Когда-нибудь перестанет грызть это постоянное чувство вины за ложь? Когда-нибудь я перестану чувствовать его острые клыки на своем сердце? Оставалось надеяться, что все же перестанет. Когда пройдет время. Когда они простят меня после всего.

Я опустилась перед мамой на колени и обхватила ее ладони своими.

— А, давай, я с тобой останусь, мааам? Я не очень — то идти хочу.

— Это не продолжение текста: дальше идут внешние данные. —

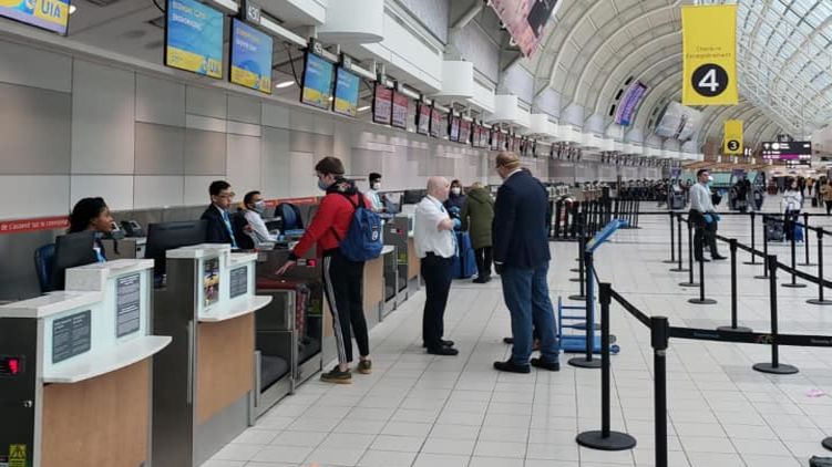 Украинцы на посадке в аэропорту Торонто, фото: facebook.com/UkraineInCanada
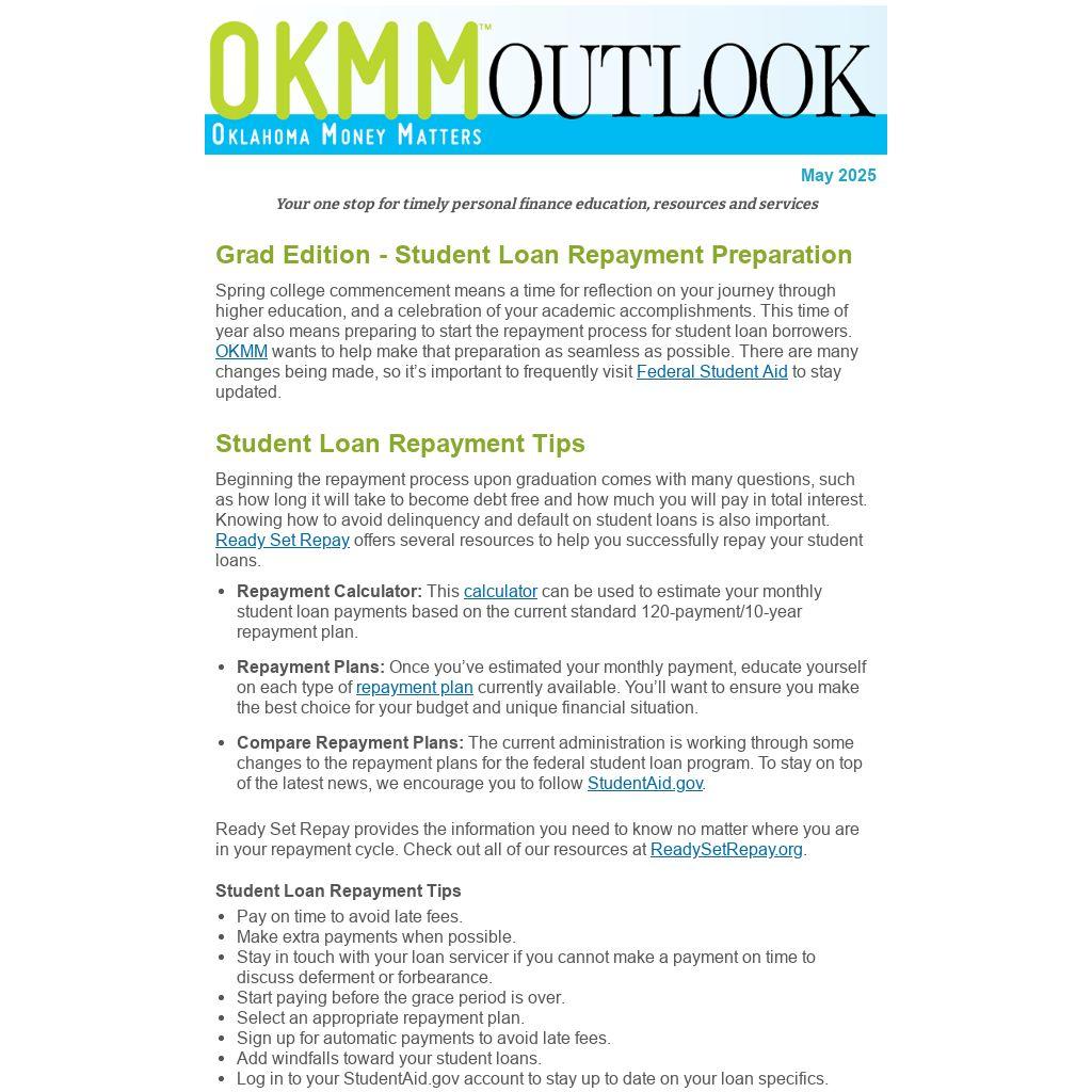Spring college commencement means a time for reflection on your journey through higher education, and a celebration of your academic accomplishments. This time of year also means preparing to start the repayment process for student loan borrowers. OKMM wants to help make that preparation as seamless as possible. There are many changes being made, so it’s important to frequently visit Federal Student Aid to stay updated.

И это была правда. Артем бы возненавидел меня, но до недавнего времени мне не хотелось встречаться даже с ним. Точнее, это желание накатывало неожиданно, когда, казалось, что прошло достаточно времени, чтобы перестать вот так разрываться на части от той боли, что снедала изнутри. И тогда я выключала телефон и закрывалась в своей комнате или же, наоборот, спускалась в гостиную, чтобы вместе с родителями разделить ее. Я была в какой-то прострации. Я ненавидела тех, кто приходил оплакивать его. Они были чужими, и я не верила в их слезы, меня они раздражали. Их громкий плач возле его могилы, когда тело опускали в землю. А мне хотелось закричать, чтобы все они замолчали. Потому что никто не любил его так, как мы. Никто не знал его так, как мы, и поэтому не имел права на это прощание с ним. И Артем… я считала, что он тоже не имел права присутствовать на его похоронах. Только не он. Не тот, кого Артур так ненавидел.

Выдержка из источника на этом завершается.